▶ Action item: The material below holds the lines to copy: from the one with "手で押して歩くだけでブラシが回転し、ゴミを回収できる電源不要でエコな路面清掃機" up to and including the one with "Tietokoneen tuulettimien RGB-valaistus". Copy them exactly and skip the pictures.
### Data
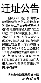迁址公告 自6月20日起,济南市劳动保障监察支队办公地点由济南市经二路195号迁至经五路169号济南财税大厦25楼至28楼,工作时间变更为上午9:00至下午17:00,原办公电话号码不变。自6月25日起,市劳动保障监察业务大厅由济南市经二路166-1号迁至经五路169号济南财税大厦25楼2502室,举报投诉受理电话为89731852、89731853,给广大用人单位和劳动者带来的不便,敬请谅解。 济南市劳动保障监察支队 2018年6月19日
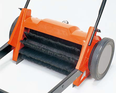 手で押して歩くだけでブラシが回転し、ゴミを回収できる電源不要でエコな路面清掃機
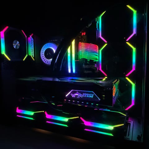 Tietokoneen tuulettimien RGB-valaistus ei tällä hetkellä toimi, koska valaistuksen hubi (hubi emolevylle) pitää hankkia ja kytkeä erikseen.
######
### Data
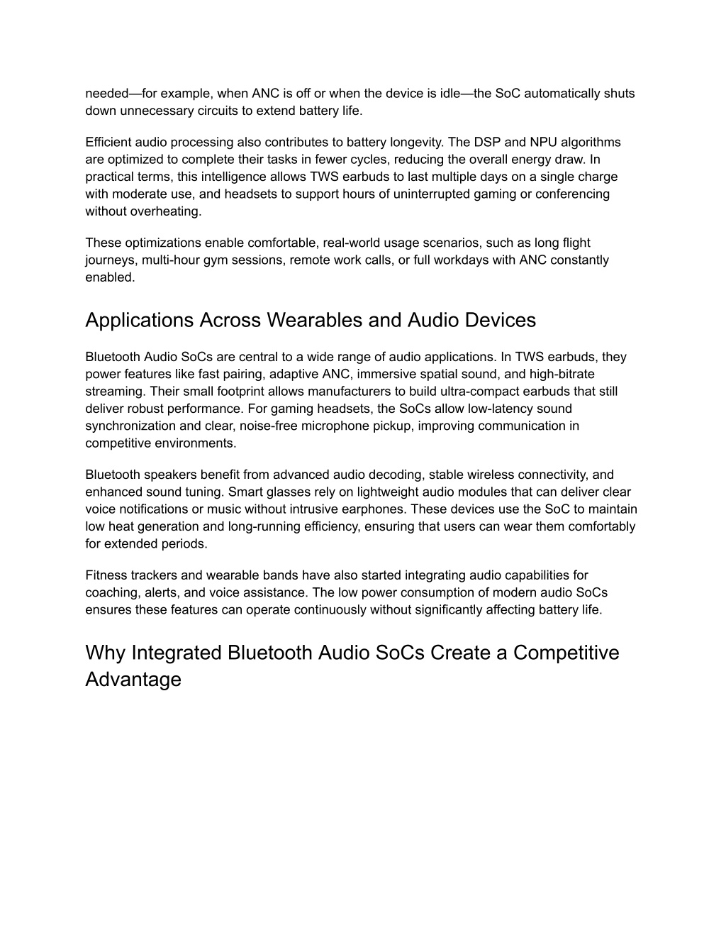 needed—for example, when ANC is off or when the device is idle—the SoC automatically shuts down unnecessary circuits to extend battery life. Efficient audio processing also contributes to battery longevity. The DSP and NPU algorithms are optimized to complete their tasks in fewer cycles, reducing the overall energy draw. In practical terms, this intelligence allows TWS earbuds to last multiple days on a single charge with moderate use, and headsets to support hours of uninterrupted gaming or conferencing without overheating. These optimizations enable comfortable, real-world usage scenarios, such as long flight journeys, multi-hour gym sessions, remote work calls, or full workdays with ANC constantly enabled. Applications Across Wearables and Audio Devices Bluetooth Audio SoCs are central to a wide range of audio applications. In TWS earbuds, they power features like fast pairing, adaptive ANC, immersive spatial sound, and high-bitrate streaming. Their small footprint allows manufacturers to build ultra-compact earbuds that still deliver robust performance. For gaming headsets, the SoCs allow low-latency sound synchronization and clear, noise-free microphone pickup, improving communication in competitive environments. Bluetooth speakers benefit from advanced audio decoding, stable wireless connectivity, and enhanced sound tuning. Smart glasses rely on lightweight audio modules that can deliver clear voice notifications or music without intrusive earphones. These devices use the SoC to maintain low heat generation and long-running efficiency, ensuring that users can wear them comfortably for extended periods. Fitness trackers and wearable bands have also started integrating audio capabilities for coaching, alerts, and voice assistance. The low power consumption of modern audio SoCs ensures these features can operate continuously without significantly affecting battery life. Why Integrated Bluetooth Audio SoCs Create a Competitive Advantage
######
▶ Worked solution:
 手で押して歩くだけでブラシが回転し、ゴミを回収できる電源不要でエコな路面清掃機
 Tietokoneen tuulettimien RGB-valaistus ei tällä hetkellä toimi, koska valaistuksen hubi (hubi emolevylle) pitää hankkia ja kytkeä erikseen.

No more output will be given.